The coxswain's role during indoor training season can be an ambiguous one, especially going through it the first season as the ergs rev up like jet turbines and any small objects nearby get sucked into the intake. "It's rough for coxswains," a rower once told me, "because they don't really have a role in the practices. Personally, I don't like being coxed on the erg, and usually tell people to stay away, so I imagine every coxswain is sort of questioning their role right now."

It's not that there isn't one; it's just harder to find. Indoor training is as much a learning time for coxswains as for rowers. Listen to the coach, particularly in the tanks; it's a great opportunity to see rowing from angles outside the boat a coxswain seldom sees, and to observe how the technique translates from word to motion. Assist the coach in running the workouts, recording stats, times, keeping the workouts efficient, and helping to keep people focused on their goals (this is good practice for next season in the boat). By tacit agreement, keeping the erg room CD player well-fed, promptly changed, and semper vitalis is often an official/unofficial duty of the coxswain. Badger your rowers about stretching properly; then badger them some more (tell 'em I sent ya) -- no such thing as too much flexibility.

Indoor training also lets you know your rowers one-on-one as each overcomes personal thresholds of pain and fatigue, and gives you a fine appreciation of their commitment in doing so. Watching your rowers erg a redline piece will teach you as much about determination and breaking barriers as a month on the water. Take your cue from watching your captain. Be active and encouraging; practice motivating without yelling; never lounge around. Project that "cone of intensity" on land just as you would on the water; this too is good training for when you get back in the boat. Without having to worry about steering, you can concentrate a lot more on the actual sound of your calls.

Many rowers do not want to be coxed on the erg (and may threaten to punch your head in if you try). Erging can be a very personal battle of self against machine with no room for a third person; you don't want to get between that particular hammer and anvil.

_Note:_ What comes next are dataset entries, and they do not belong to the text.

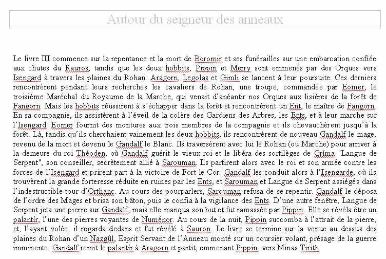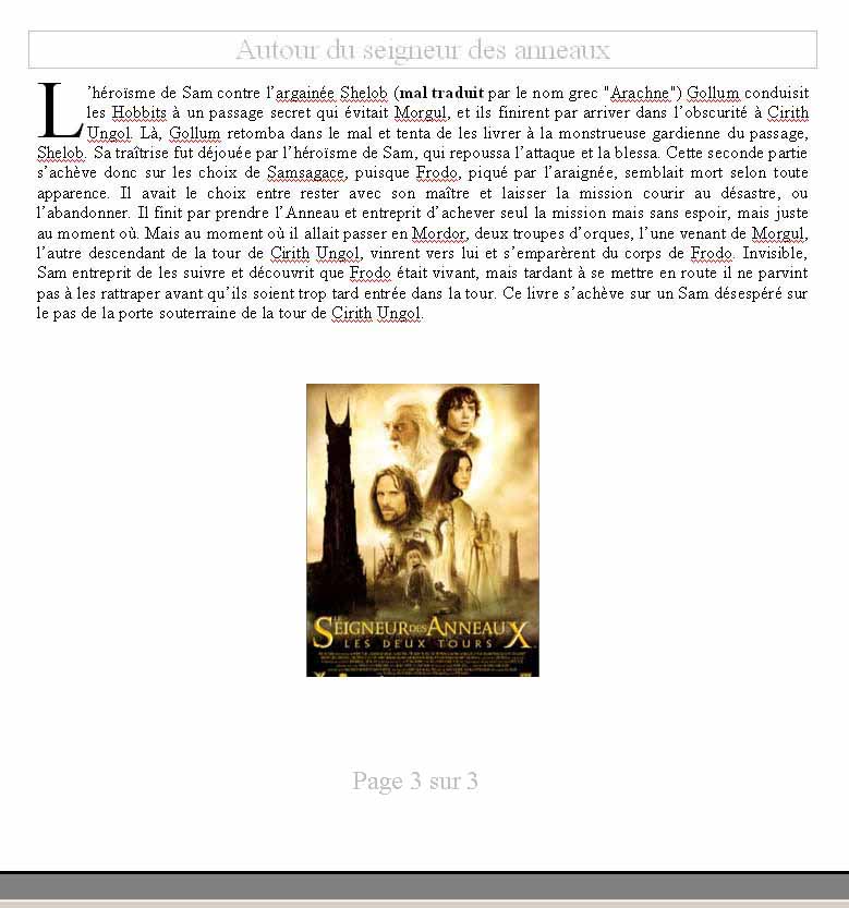en rapport avec le seigneur des anneaux à la fin du document (Faire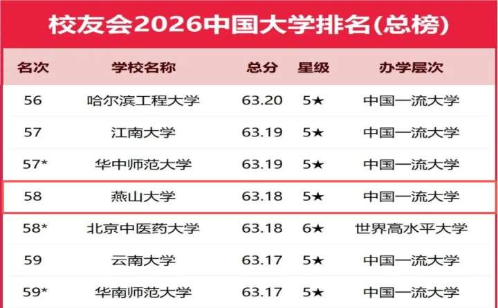 【新闻中心讯】1月12日,全国第三方大学评价研究机构艾瑞深校友会网(Cuaa.net)正式发布校友会2026中国大学排名。榜单显示,我校居校友会中国大学排名(总榜)第58位,较上一年度前进3位,星级排名为5星级,办学层次为中国一流大学。
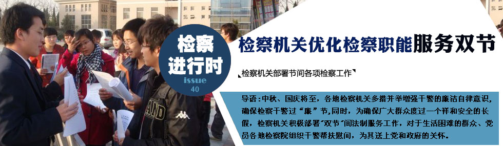 各地檢察機(jī)關(guān)以"雙節(jié)"為契機(jī)加強(qiáng)對(duì)領(lǐng)導(dǎo)干部的反腐倡廉教育,有效預(yù)防節(jié)日期間腐敗問(wèn)題頻發(fā)現(xiàn)象,深入推進(jìn)反腐倡廉建設(shè)。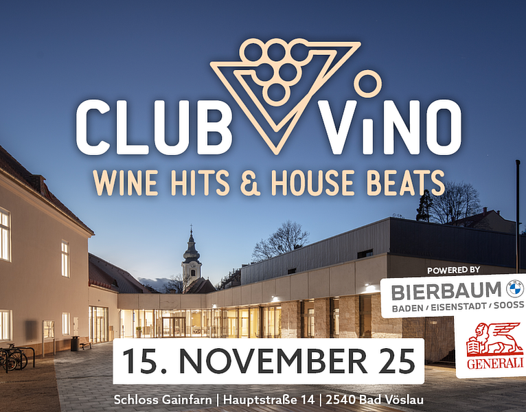 In Kooperation mit der Stadtgemeinde Bad Vöslau ist es uns eine Freude, das neu sanierte und umgebaute Schloss Gainfarn mit einem CLUB VINO Termin zu beehren!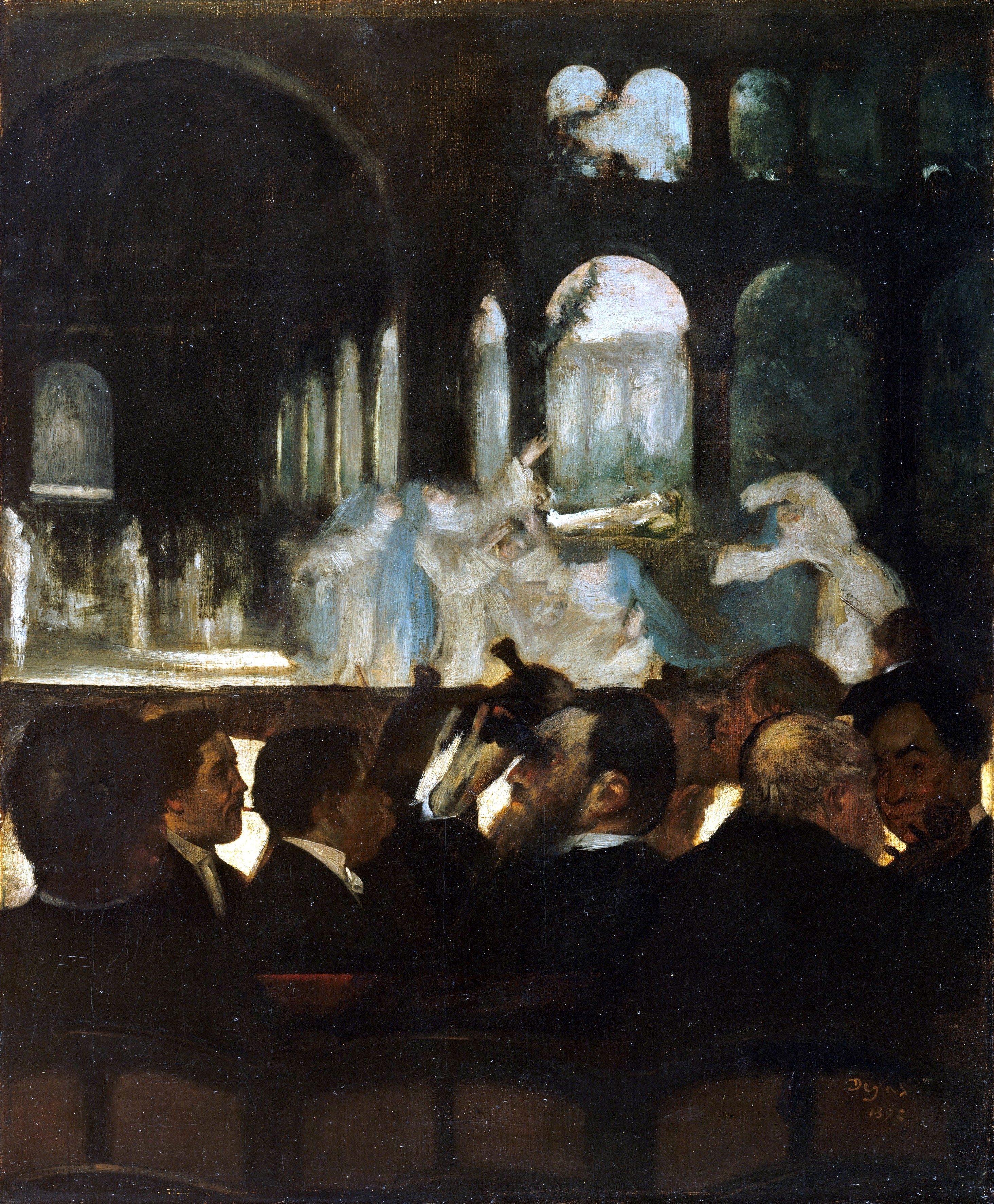 Robert le Diable, de Meyerbeer, fue uno de los espectáculos más representados en la Opera de París, realizándose 758 actuaciones a lo largo del siglo, siendo la última el 28 de agosto de 1893. Su escenografía era de las más sobresalientes al representarse algunas escenas en los claustros de un convento como vemos en la imagen. Degas se sitúa en el patio de butacas y coloca delante de nosotros a varios espectadores para integrarnos en la actuación. Los miembros de la orquesta ocupan la fila inmediata a los hombres que tenemos delante por lo que ocuparíamos la segunda fila. Uno de esos hombres se olvida de la representación para mirar con sus anteojos a los palcos, mientras otro vuelve su cabeza hacia nosotros en actitud de reproche. De esta forma el artista se muestra más preocupado por ofrecernos el ambiente que rodea al espectáculo que la actuación en sí. Las tonalidades negras de los trajes, reforzadas por la oscuridad de la sala, se adueñan de la composición en la que destaca la pincelada rápida sin olvidar el dibujo, características habituales en la obra de Degas.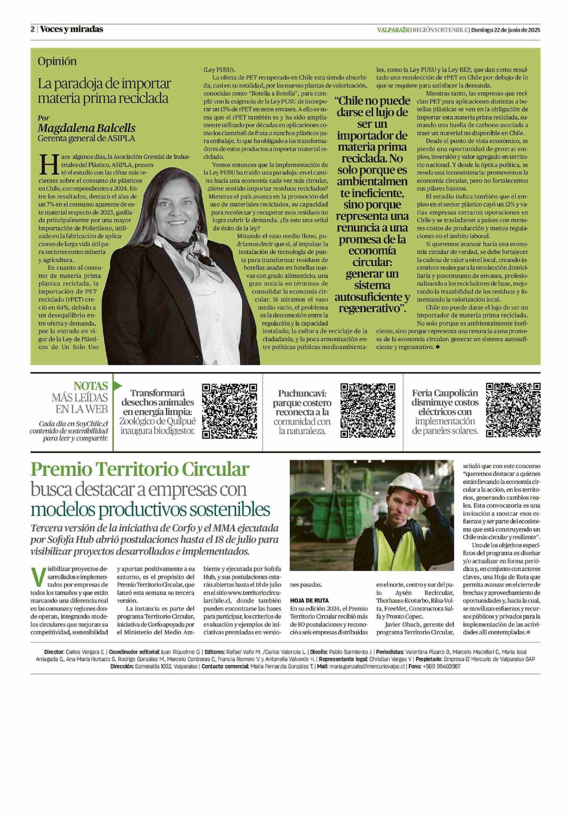 COLUMNAS DE OPINIÓN: La paradoja de importar materia prima reciclada 22-06-2025 El Mercurio de Valparaíso |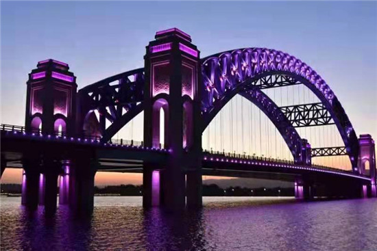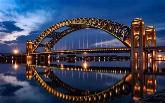 夜晚是大桥最美的时候,桥上灯光闪亮,两岸灯火辉映,五彩缤纷的色彩吧大桥装点得更耀眼,更夺目。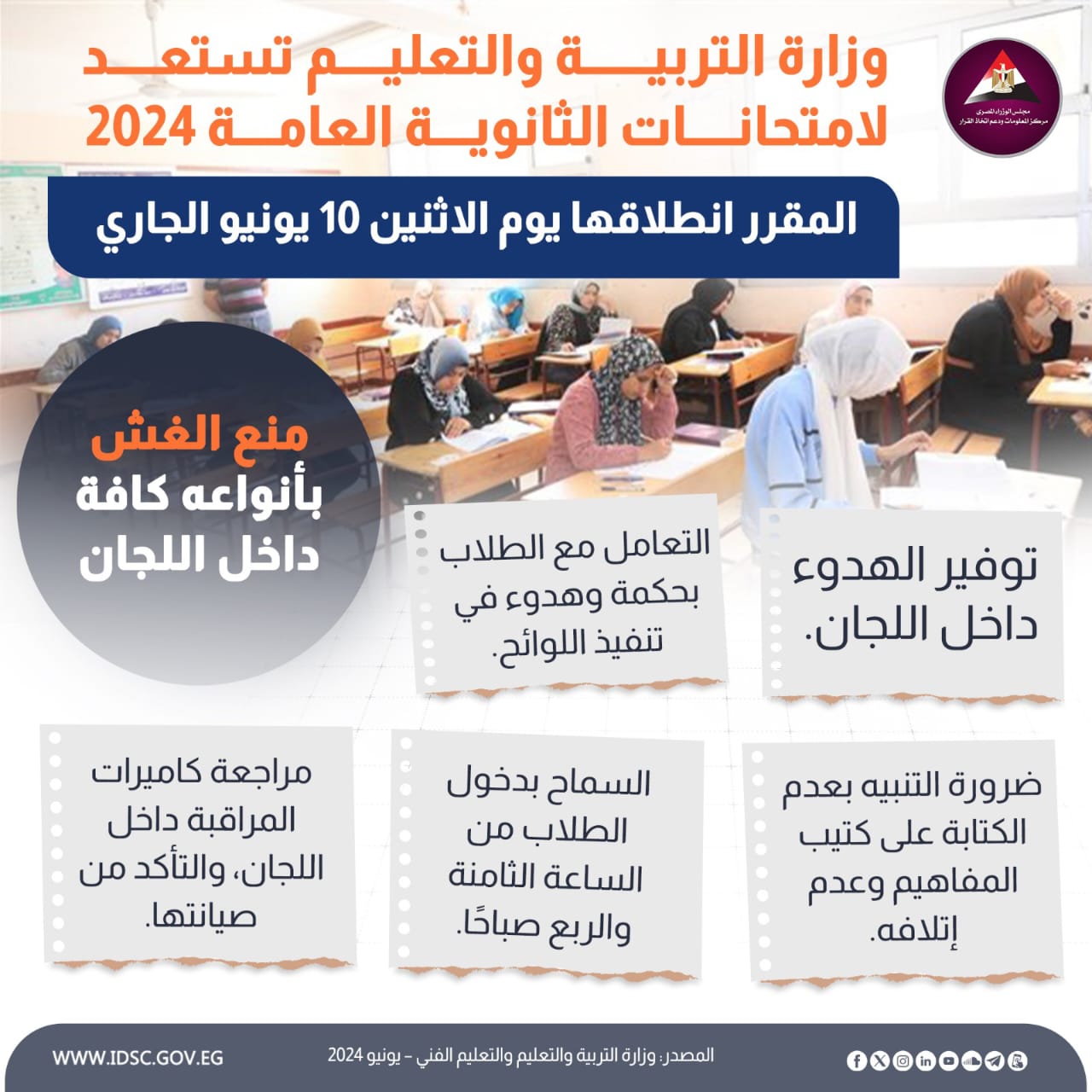 حيث اتخذت وزارة التربية والتعليم والتعليم الفني العديد من الإجراءات المكثفة من أجل ضمان انتظام سير منظومة امتحانات الثانوية العامة، وحصول كل طالب على حقه، بما يحقق مبدأ العدالة وتكافؤ الفرص والشفافية.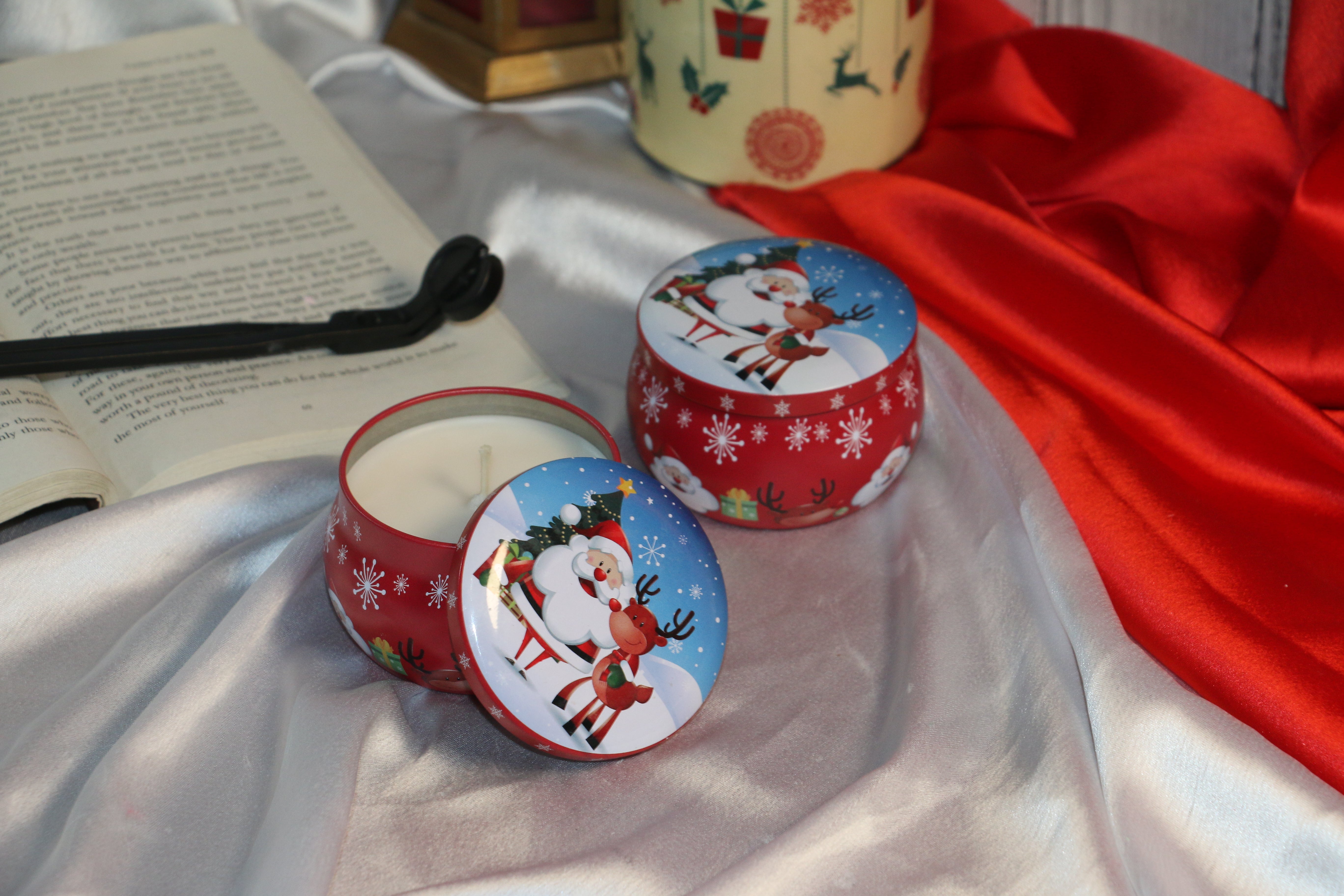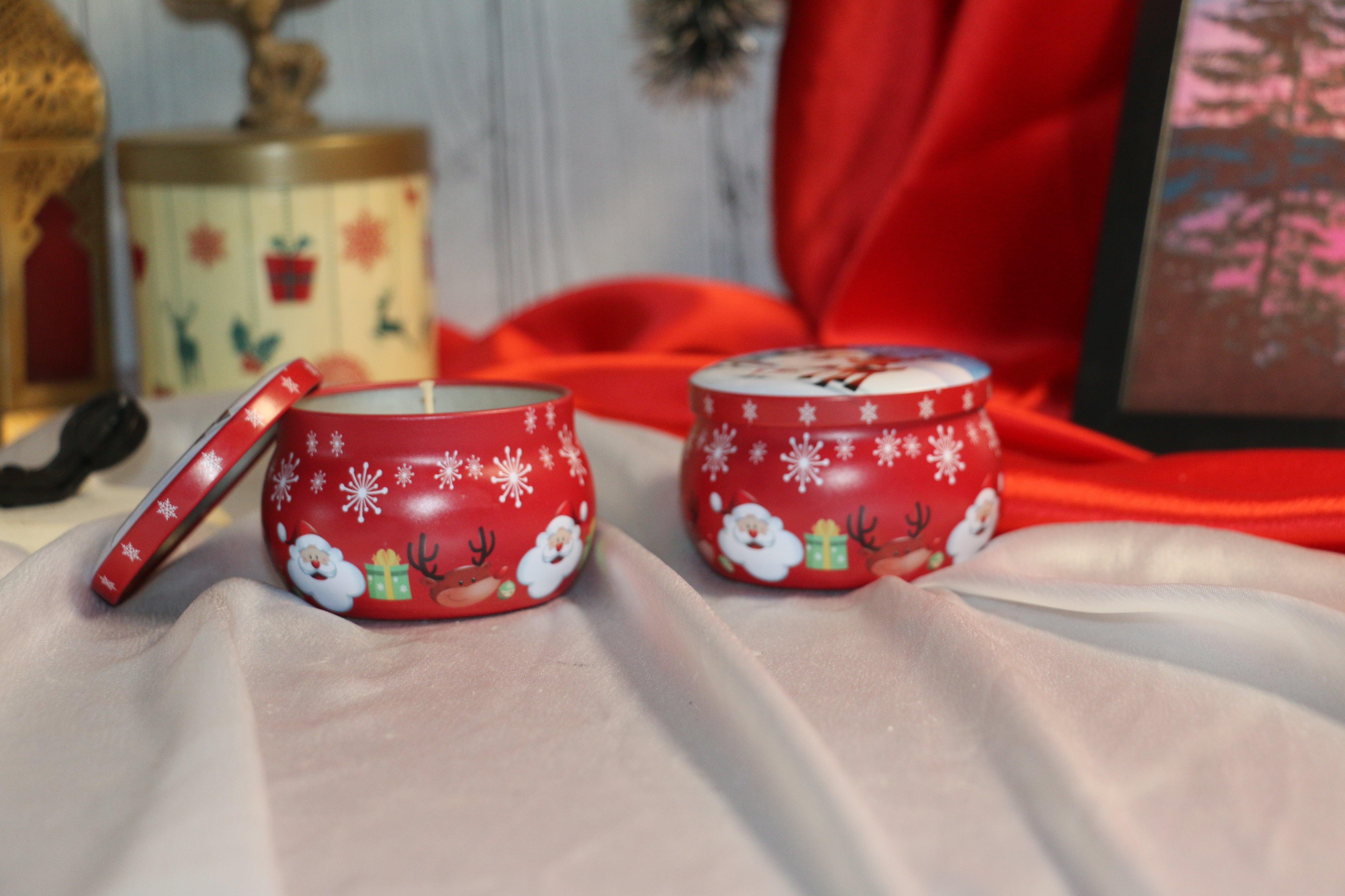 Light up your holidays with our limited-edition Christmas scented candle tins, crafted to fill your space with warmth, joy, and festive cheer. Each candle is made with premium imported golden soy wax — clean-burning, long-lasting, and eco-friendly — poured into high-quality imported tins that are sturdy, reusable, and beautifully printed with exclusive Christmas designs.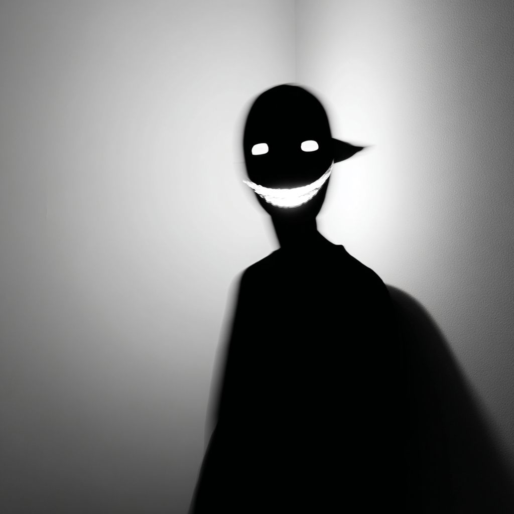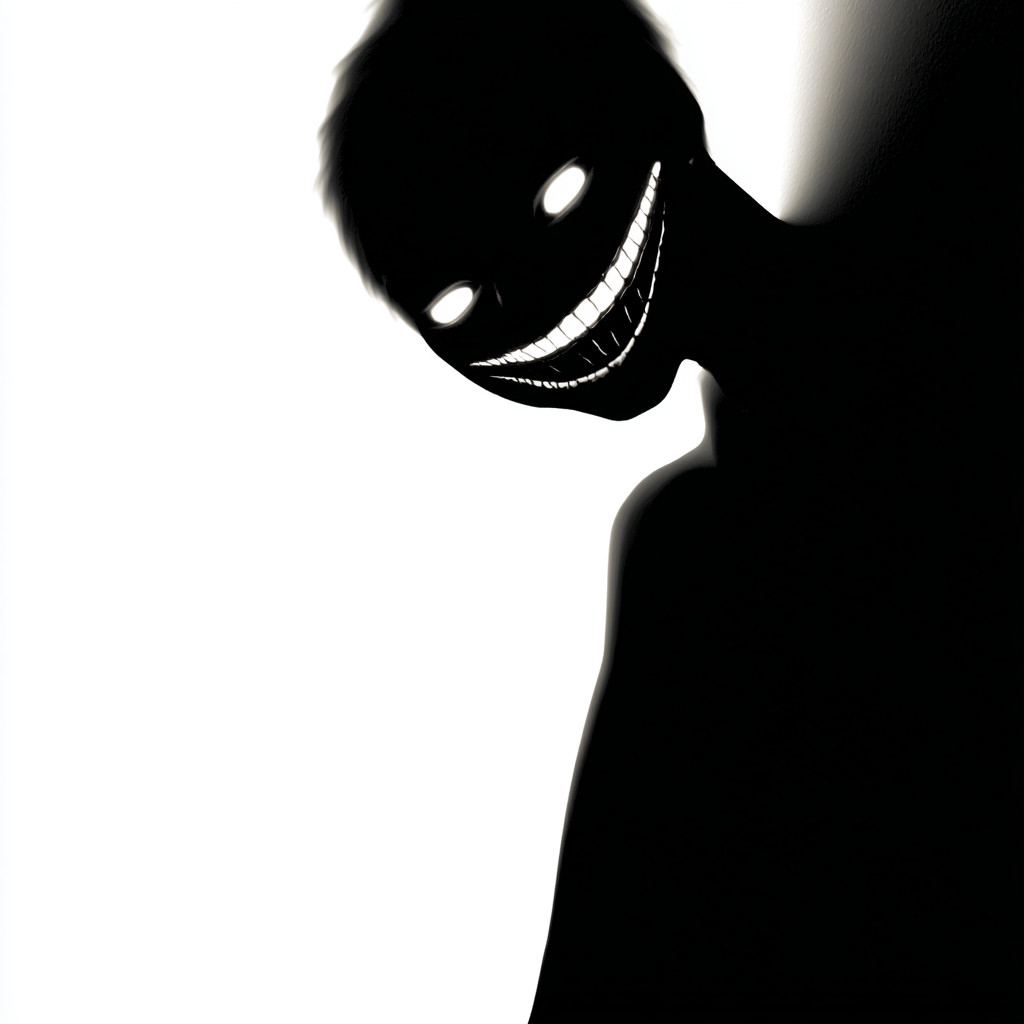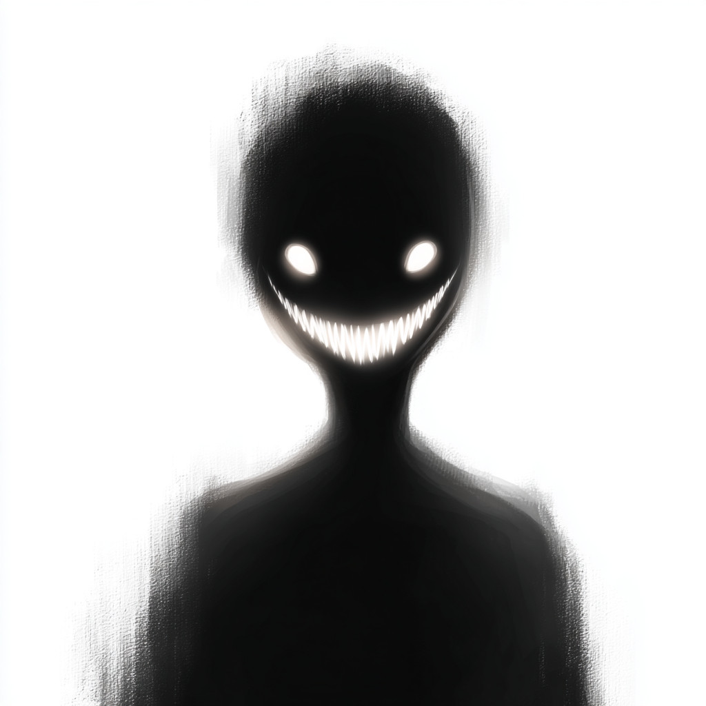 Темный черный силуэт с светящимися белыми глазами и улыбкой

However, a few rowers find being coxed helpful under certain circumstances. Let your rowers know you are glad to cox erg pieces for them as a service on request, but do not force it. Some rowers prefer to be coxed by other rowers. If one of your rowers does request it, talk through the piece ahead of time so that you know exactly what is wanted. Be wary of trying to cox technique on the erg unless you are very sure you know exactly what you are doing; mistaken advice can lead to bad habits. That said, reminders of slide control are usually helpful because the mechanics of the erg tempt slide rush even in people who otherwise would never do it.

Bench pulls are the exception -- everyone I have ever known gets a rush from having their teammates cheer them on.

During erg pieces -- whether you are saying anything or not -- always stand in front where the rowers can see you. Erging with someone hovering behind you is incredibly distracting.

Do the land workouts with your rowers, especially runs (and whatever else you do to keep your weight down). Your erg scores might not impress anybody -- not even other coxswains -- but your effort shows your commitment to the boat, and rowers will respond to you much better on the water for having "been there" with them.